Ned Konz ned at bike-nomad.com
Sun Jun 9 13:20:05 UTC 2002


On Sunday 09 June 2002 12:28 am, Niko Schwarz wrote:

> if i imagine shipping something with squeak, then soon the user
> will find out that theres more in the image than just my app. he
> might find an irc client, lots of ways to debug my code and change
> it, but to be honest i dont want that.

One of the goals of the Modules work is to make it easy to ship apps 
with just the pieces you really need.

> how do you explain to a client that you didnt ship what he bought,
> but instead a huge scary bunch of things, and the worst: something
> that looks so fragible at first glance.

Don't ship all the scary things.

However, many apps could be described the same way.
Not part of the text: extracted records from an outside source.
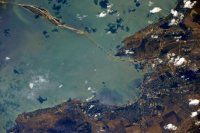 Российский космонавт-испытатель отряда космонавтов Роскосмоса Сергей Рязанский показал Крымский мост с Международной космической станции. Фото космонавт  опубликовал 2 сентября в Twitter, - передает Керчь.ФМ.
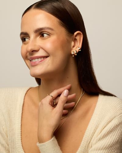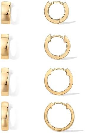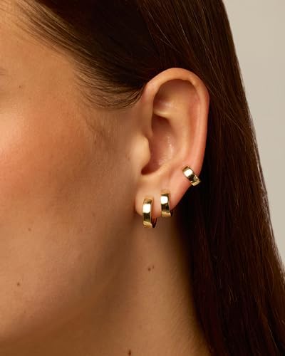 Sponsored Ad - PAVOI 18K Gold Plated Sterling Silver Posts Small Hoop Earrings for Women - Trendy Geometric Plain Chunky Huggie Earscape Piercing Pack - Everyday Gold Hoop Earrings Set
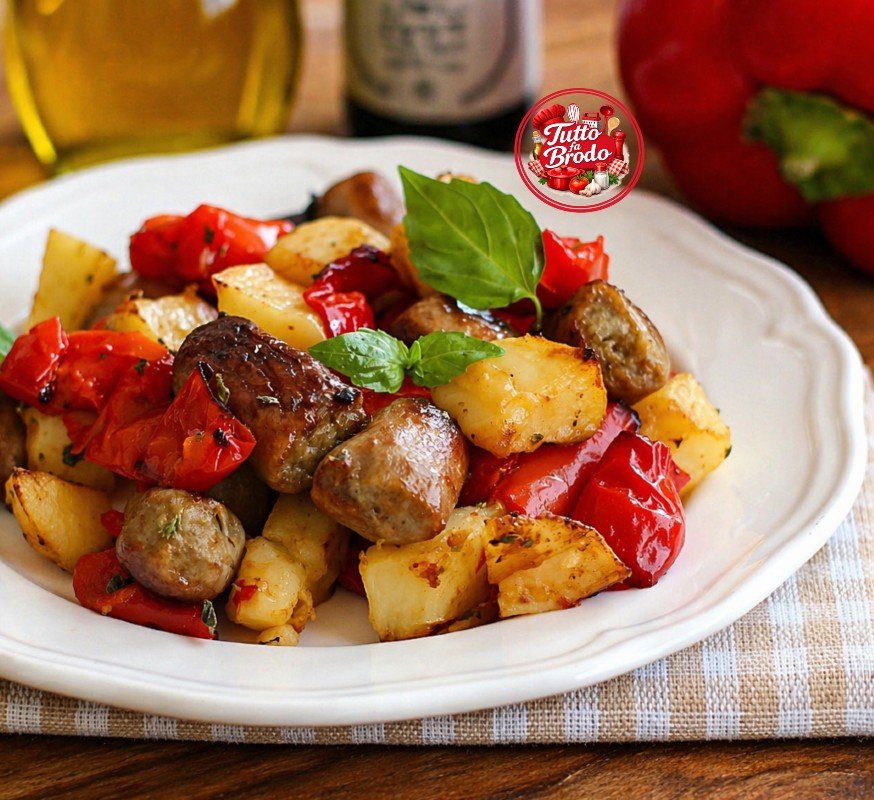 Un grande classico della cucina casalinga italiana che conquista tutti con i suoi profumi intensi e la semplicità degli ingredienti. In forno, patate e peperoni diventano morbidi e saporiti mentre la salsiccia rilascia tutto il suo aroma rendendo il piatto irresistibile.
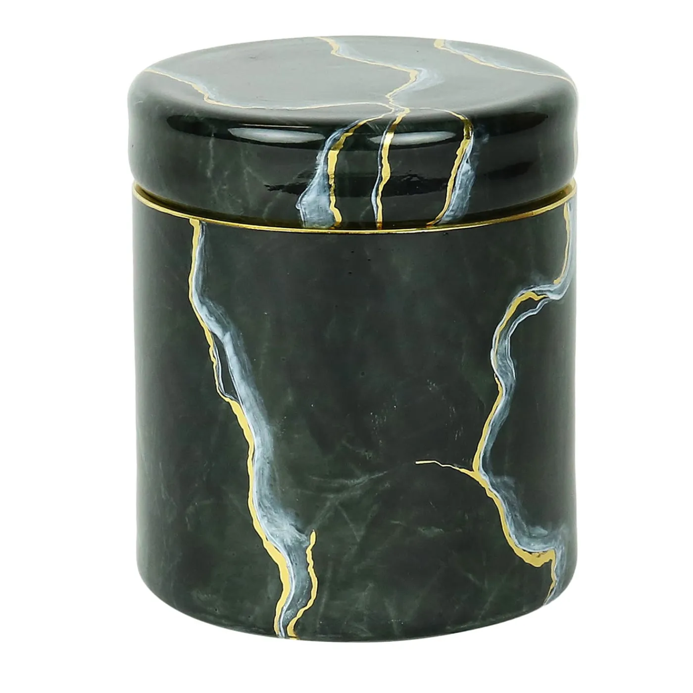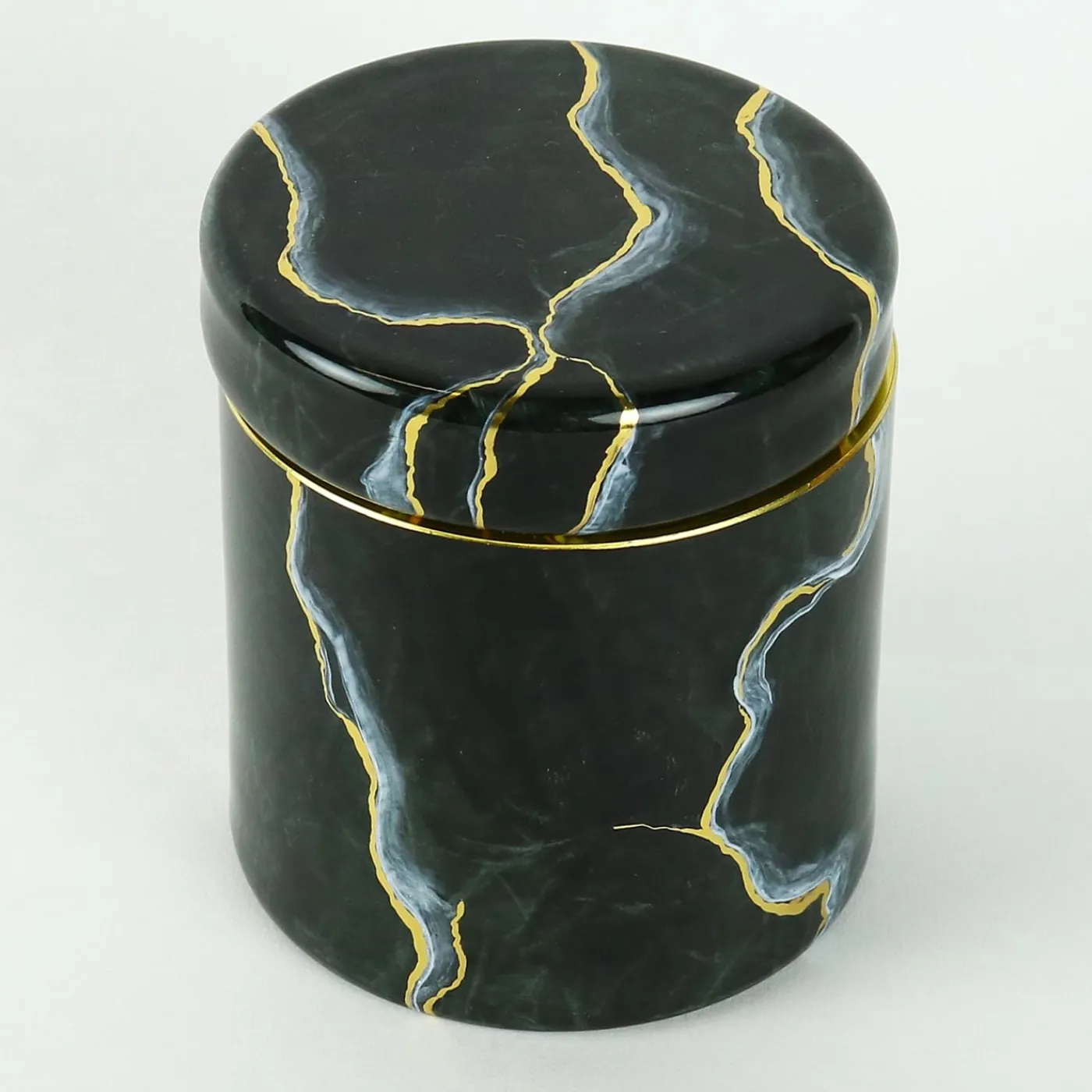 Ideale per conservare gioielli, tamponi di cotone o piccoli ricordi, questo elegante vaso offre funzionalità e fascino decorativo. Il suo design compatto lo rende un accessorio versatile per vanity, comodini o banconi del bagno. La struttura in vetro soffiato a mano è meticolosamente dipinta per imitare l’estetica lussuosa del marmo Portoro, completa di radiose venature in oro 24k per un tocco finale raffinato. Sono disponibili anche finiture personalizzate ispirate al marmo.
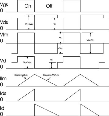 盡管可采用電感器,但所示設(shè)計(jì)采用的是未隔離的變壓器。隔離設(shè)計(jì)在離線設(shè)備中更為常見,在離線設(shè)備中,變壓器具有隔離作用,可方便地實(shí)現(xiàn)占空比調(diào)整。反激式開關(guān)電源可在非連續(xù)導(dǎo)通和連續(xù)導(dǎo)通兩種模式下工作,不連續(xù)導(dǎo)通模式如圖2所示。Ilm和Vlm是變壓器磁化電感通過(guò)的電流和施加的電壓。
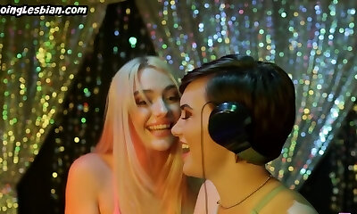 lesbischer nuttiger dj verführt nymphomanin 19-jährigen deich in position 69

Microsoft Office 
comes to mind: Word, for instance, ships with much more functionality 
than most of its users need. Recently MS has figured out that people 
will be happier if the parts they don't use are hidden from them but 
still accessible.

> and it _is_ fragible: when the user does something wrong, he might
> drag my app into the trash bin 

You're confusing Squeak with the Mac. On Squeak, only Morphs can be 
dragged into the trash bin. Unless your app is a single custom-built 
Morph.

> and then you can imagine him whining
> and asking with reason: "why do i ship my app with a
> self-destruction button?".

Squeak has several Preferences that limit the options presented to a 
user. You can easily limit what a user can do.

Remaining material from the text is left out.